> _Material supplied_:
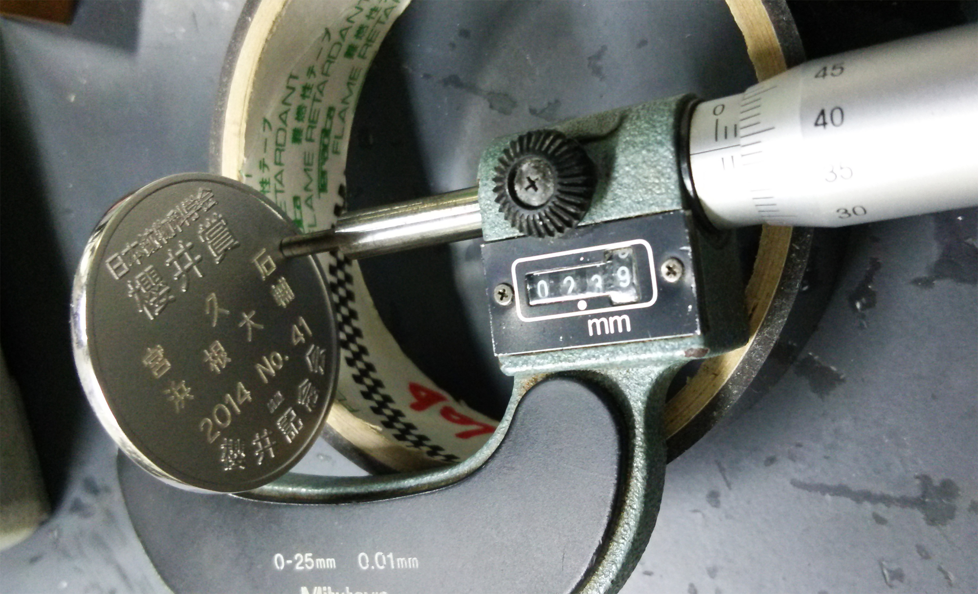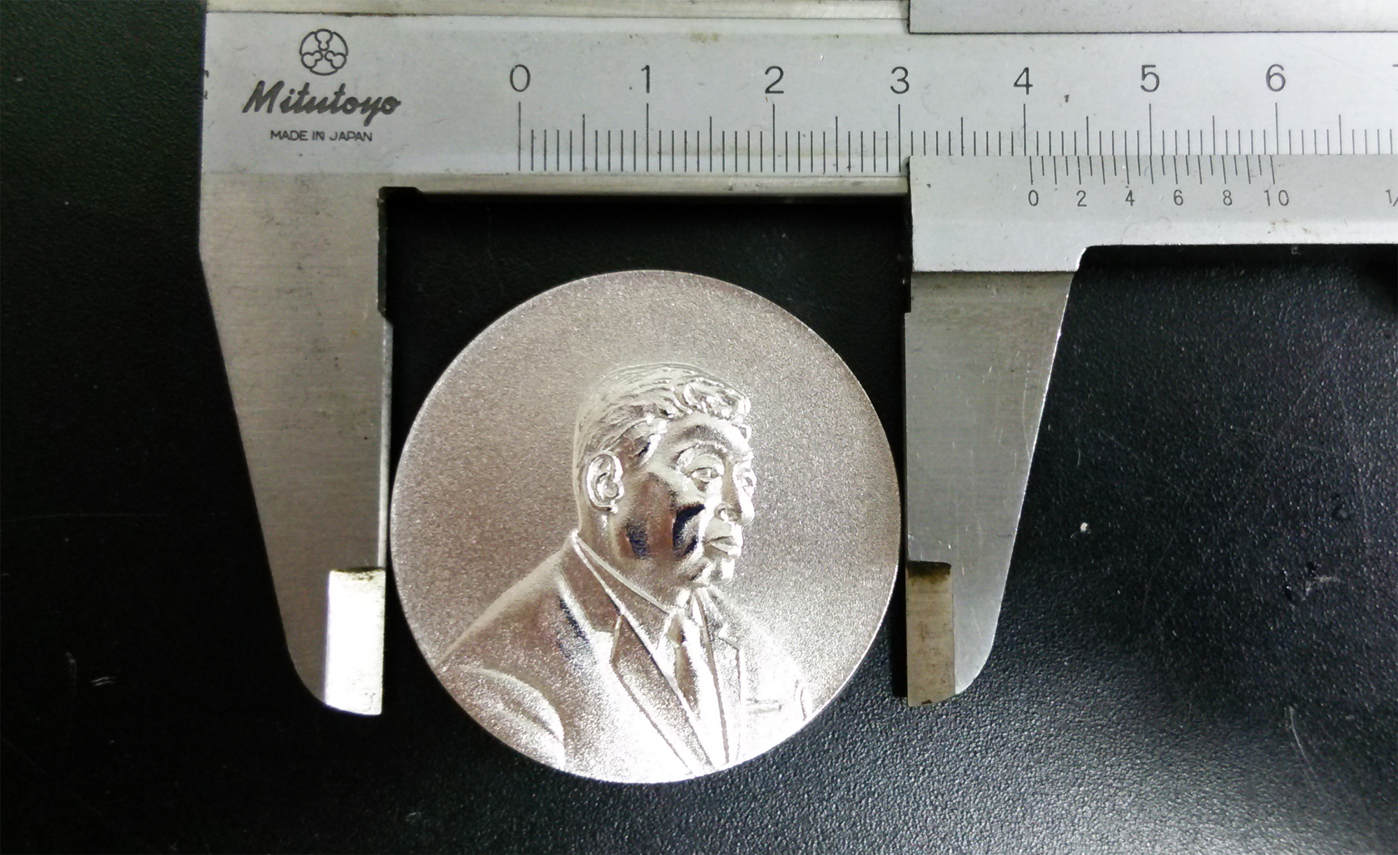 測定してみると密度は重さ/(半径×半径×π×高さ) = 33/(2×2×3.14×0.24) = 10.95g/cm^3となりました。高さをやや少なめに平均しているのでまあこんなものか。この値は銀の密度(10.49 g/cm^3)に近いです。ニッケルの密度は8.98 g/cm^3。もしメダルの厚みが2.7ミリ平均なら9.73 g/cm^3で,これは蛍光分析のAg:Ni=1:1と一致しますが,櫻井先生の肖像以外は厚さが2.5ミリを上回ることはないので,おそらくは平均2.7ミリはありえないでしょう。と言うことでニッケルはメッキと思われます。
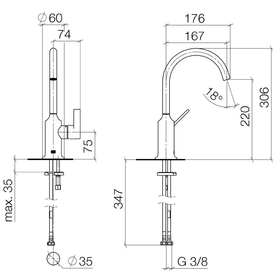 Eigenschaften: schwenkbarer Auslauf 360° runder luftangereicherter Strahl Höhe bis Luftsprudler 22 cm Bohrungsdurchmesser 3,5 cm 2x Druckschlauch M 8 x 1 eingeschraubt, dichtheitsgeprüft Durchfluss max. 5,7 l/min bleifrei
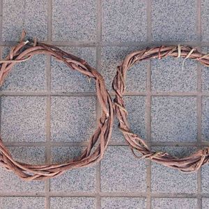 おはようございます😊☀️ 昨日は実家の梅の木の剪定に(主人が) 3m以上の大木で結構バッサリ伐りました✂️ 蔓も巻き付いていて、いい感じにリースに出来そうなのでもらってきました🙆 太いのもあったけど、何も考えない主人はブツブツ短く切って使い物にならない~😂 Φ20㎝くらいのをふたつ さて、何を飾ろうか🤔
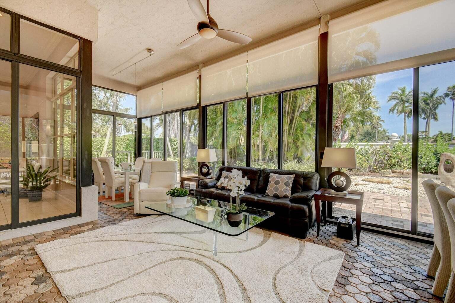 Tucked behind the gate of Broken Sound's beautiful Oak Run community, discover this lavish 3 bedroom, 2.5 bath single story home. Originally built as a model home and located on an oversized corner lot this property is one of a kind. The renovated kitchen features porcelain tile floors, stainless appliances, white cabinets and fabulous eat in area. The tremendous primary suite features a built in office, & custom walk-in closet . All bathrooms have been renovated with contemporary finishes such as frameless shower, quartz counters & porcelain floors. The massive sunroom provides additional living space surrounded by floor to ceiling windows & the ideal place to entertain. The patio offers a serene and picturesque setting with beautiful hedges and landscaping. Will not last​​‌​​​​‌​‌​​​​‌‌​‌​​​​‌‌​​‌‌​​‌‌ long!
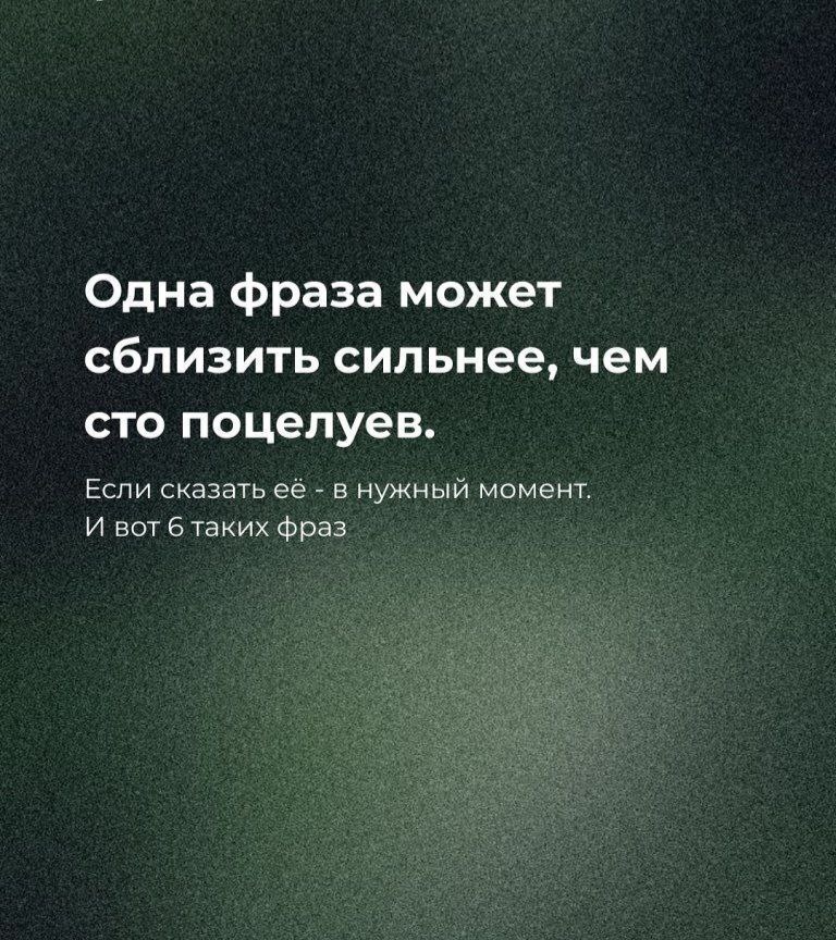 😌😚😌😉 ☺️☺️😉☺️😉 Всем доброго прекрасного дня, мои дорогие ☀️ Сегодня хочу поделиться тем, что всего одна фраза может сблизить 👩❤️💋👨 сильнее , чем сто поцелуев 🩷💋 1⃣ "Я не хочу выяснять кто прав. Я хочу быть рядом." В момент конфликта - не контроль, а связь. Эта фраза выключает оборону. Ты не атакуешь, ты остаёшься. 2⃣ "Не притворяйся сильным. Мне важнее - ты настоящий." Мужчинам чаще говорят "держись", чем "я рядом". А эта фраза даёт разрешение быть собой - и не сломаться внутри. 3⃣ "Я не гадаю по намёкам. Говори прямо. Даже, если это больно." Ты не просишь "быть милой (ым)". Ты просишь быть "честной (ым)". Потому что близость - это когда можно говорить вслух. 4⃣ "Я не твой противник. Я твой человек." Иногда человек уходит в себя - не потому, что не любит, а потому что не верит, что его поймут." Эта фраза - как сигнал, ты всё ещё рядом. 5⃣ "Мне не нужен герой. Мне нужен ты - живой, уставший, но настоящий." Не нужно быть лучшей версией себя. Достаточно быть собой
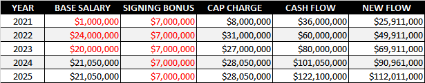 Garett szerződésében a "lényeges" a 43,5 millás aláírásnál garantált tartalom (ami az aláírási pénz és a teljes 2021-es kereset volt), és a "trükkös" 2022-es év, amely rögtön a 2021-es év kezdetén garantáltá válik. Így nagyjából emberünk tuti biztosan 61,4 millát hazavihet. 2023-ban jelenik meg egyáltalán a base salary, ami nagyjából 20 milka átlagban minden évben, vagyis nem növekszik, ami szokott lenni a csalóka az átlagos fizu számításánál.
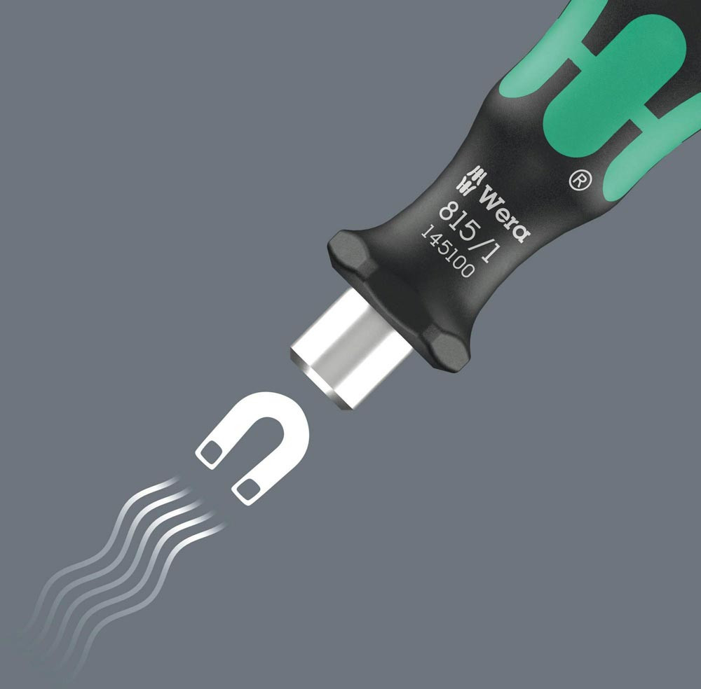 Hochwertiger Bit-Handhalter. Der Magnet sorgt für den sicheren Sitz des Bits im Halter. Kraftform Plus Griff für angenehm ergonomisches Arbeiten · bei dem Blasen und Schwielen vermieden werden. Harte Griffzonen für hohe Arbeitsgeschwindigkeit · während weiche Griffzonen hohe Drehmomentübertragung garantieren. Geeignet für Bits mit 1/4″-Außensechskantantrieb nach DIN ISO 1173-C 6,3 und E 6,3 sowie Wera Anschluss-Reihen 1 und 4.
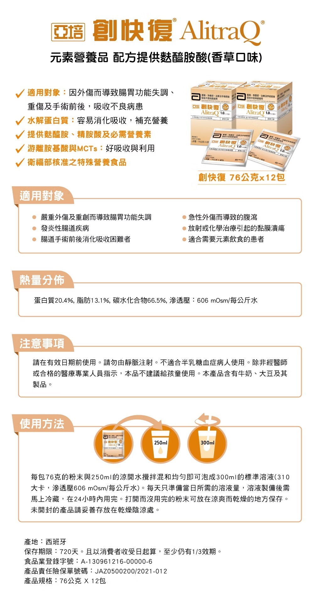 ●適用對象:因外傷而導致腸胃功能失調、重傷及手術前後,吸收不良病患
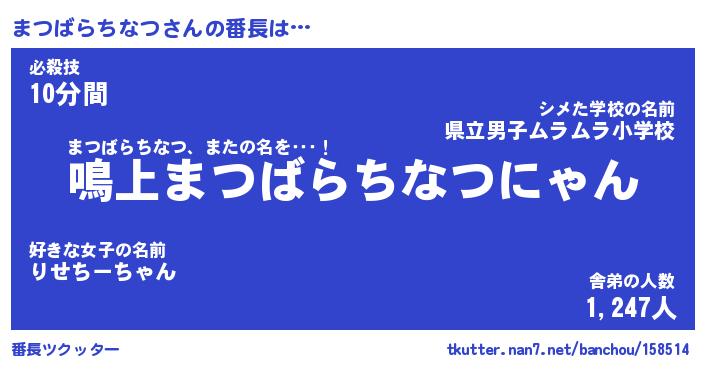 | 伝説のあだ名 | 『封印されしスナイパーまつばらちなつ』 |

> _Exercise_:
Could you transcribe exactly the entries above, but only the lines from the one with "Eigenschaften: schwenkbarer Auslauf" through the one with "Достаточно быть собой", and without pictures?

> _Exercise output_:
 Eigenschaften: schwenkbarer Auslauf 360° runder luftangereicherter Strahl Höhe bis Luftsprudler 22 cm Bohrungsdurchmesser 3,5 cm 2x Druckschlauch M 8 x 1 eingeschraubt, dichtheitsgeprüft Durchfluss max. 5,7 l/min bleifrei
 おはようございます😊☀️ 昨日は実家の梅の木の剪定に(主人が) 3m以上の大木で結構バッサリ伐りました✂️ 蔓も巻き付いていて、いい感じにリースに出来そうなのでもらってきました🙆 太いのもあったけど、何も考えない主人はブツブツ短く切って使い物にならない~😂 Φ20㎝くらいのをふたつ さて、何を飾ろうか🤔
 Tucked behind the gate of Broken Sound's beautiful Oak Run community, discover this lavish 3 bedroom, 2.5 bath single story home. Originally built as a model home and located on an oversized corner lot this property is one of a kind. The renovated kitchen features porcelain tile floors, stainless appliances, white cabinets and fabulous eat in area. The tremendous primary suite features a built in office, & custom walk-in closet . All bathrooms have been renovated with contemporary finishes such as frameless shower, quartz counters & porcelain floors. The massive sunroom provides additional living space surrounded by floor to ceiling windows & the ideal place to entertain. The patio offers a serene and picturesque setting with beautiful hedges and landscaping. Will not last​​‌​​​​‌​‌​​​​‌‌​‌​​​​‌‌​​‌‌​​‌‌ long!
 😌😚😌😉 ☺️☺️😉☺️😉 Всем доброго прекрасного дня, мои дорогие ☀️ Сегодня хочу поделиться тем, что всего одна фраза может сблизить 👩❤️💋👨 сильнее , чем сто поцелуев 🩷💋 1⃣ "Я не хочу выяснять кто прав. Я хочу быть рядом." В момент конфликта - не контроль, а связь. Эта фраза выключает оборону. Ты не атакуешь, ты остаёшься. 2⃣ "Не притворяйся сильным. Мне важнее - ты настоящий." Мужчинам чаще говорят "держись", чем "я рядом". А эта фраза даёт разрешение быть собой - и не сломаться внутри. 3⃣ "Я не гадаю по намёкам. Говори прямо. Даже, если это больно." Ты не просишь "быть милой (ым)". Ты просишь быть "честной (ым)". Потому что близость - это когда можно говорить вслух. 4⃣ "Я не твой противник. Я твой человек." Иногда человек уходит в себя - не потому, что не любит, а потому что не верит, что его поймут." Эта фраза - как сигнал, ты всё ещё рядом. 5⃣ "Мне не нужен герой. Мне нужен ты - живой, уставший, но настоящий." Не нужно быть лучшей версией себя. Достаточно быть собой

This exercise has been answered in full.